An enormous dinosaur footprint was found in Yorkshire, England in 2021 - the largest of its kind found in the county and only the sixth of its kind ever found in the Cleveland Basin - according to a new study.
The footprint was analyzed in the peer-reviewed study, which was published on Thursday in the journal Proceedings of the Yorkshire Geological Society.
Paleontologists were eager to investigate the discovery. Dr. Dean Lomax, a paleontologist at the University of Manchester, said the “wonderful” discovery provided new insights into the carnivorous megafauna which once roamed the region's coast, according to a report from the BBC.
Measuring nearly one meter long, the footprint is the largest of its kind found in the county of Yorkshire, according to a CNN report.

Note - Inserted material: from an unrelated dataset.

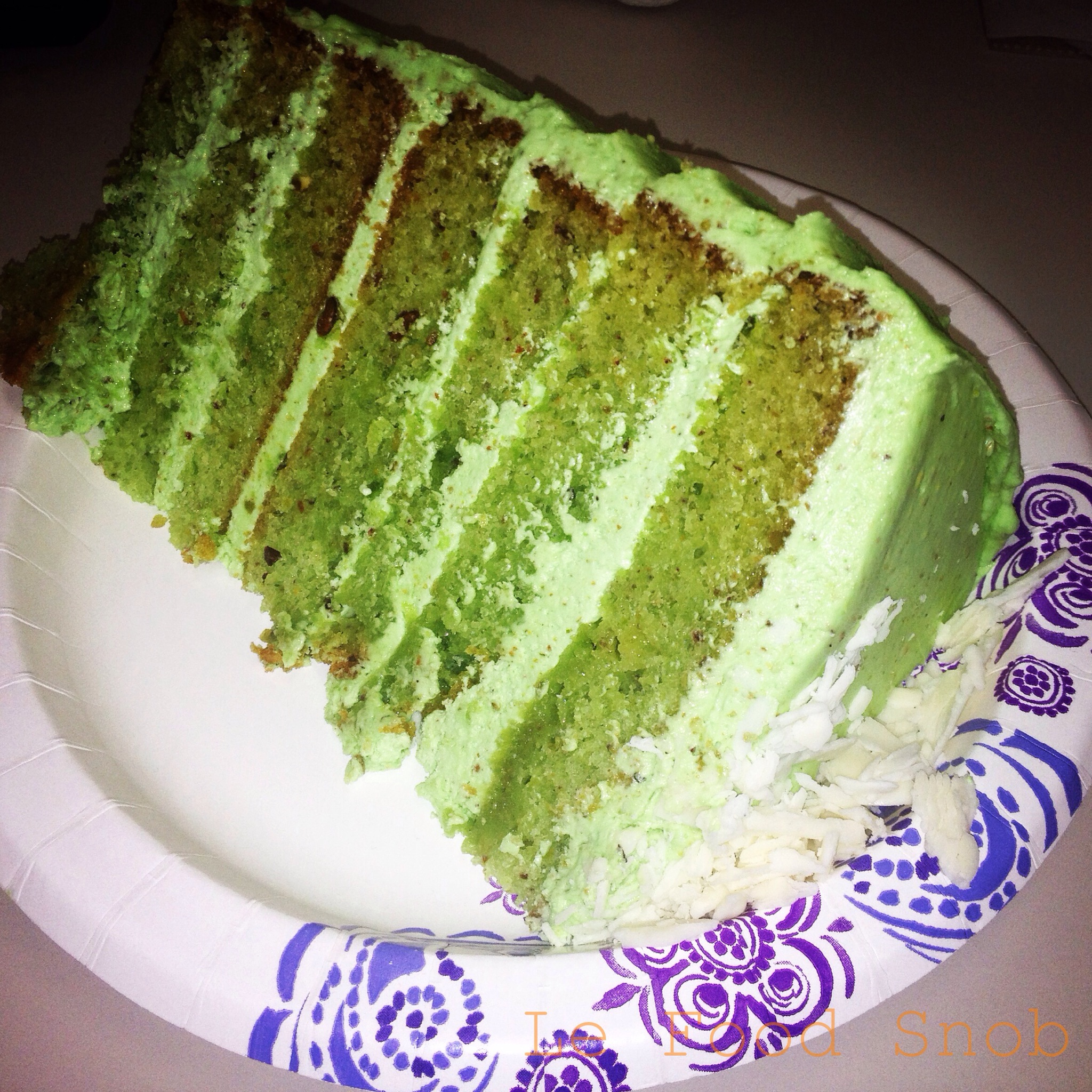 My grandma introduced me to Sweet Paul by sending me a few of his recipes featured in some magazine. I’ve loved him ever since. So when I saw that Sweet Paul has a pistachio layer cake, I knew I had to try it. His recipe makes a four-layer, 8-inch cake. I multiplied his recipe by one and a half to make a seven-layer cake (I was going to make it 9 layers but lost two of them).

The study points out that, aside from being the largest footprint of its kind found in the area, the print is also only the sixth specimen of its kind recorded from the Cleveland Basin. This is to say, well-preserved theropod tracks are quite rare. Theropods are characterized by having hollow bones and three toes on each limb.
How might this creature have lived?
“The type of footprint, combined with its age, suggests that it was made by a ferocious Megalosaurus-like dinosaur.”John Hudson, lead study author
“The most intriguing feature of our footprint is a long portion preserved at the back of the foot, which is an impression of what we call the metapodium,” said Lomax.
“The presence of this might suggest our large meat-eater was squatting down in the mud, before standing up and walking away,” he added. “It's fun to think this dinosaur might well have been strolling along a muddy coastal plain one lazy Sunday afternoon in the Jurassic.”
According to the study, data from the print tells paleontologists that the feet were likely covered in skin (as opposed to feathers or scales) and had phalangeal pads or nodes across the length of the digits.
Scientists determined that the maker of the footprint was very large (megalosaurid theropod) and sat at or near the top of the food chain, which explains why there are very few fossilized footprints to attest to their presence on earth.
"Now that the specimen has been studied, plans are in motion for it to go on public display, to spark the imagination of the next generation of fossil hunters," Lomax said.
“This important discovery adds further evidence that meat-eating giants once roamed this area during the Jurassic,” added geologist and lead author John Hudson. “The type of footprint, combined with its age, suggests that it was made by a ferocious Megalosaurus-like dinosaur, with a possible hip height between 2.5 and 3 meters (between 8.2 and 9.8 feet).”
Hudson added that Megalosaurus was the world's first official dinosaur; its bones were discovered in Oxfordshire in 1824. Megalosaurus was one of the largest predators of its time, with some measuring 8 or 9 meters (26.2 or 29.5 feet) long, CNN noted.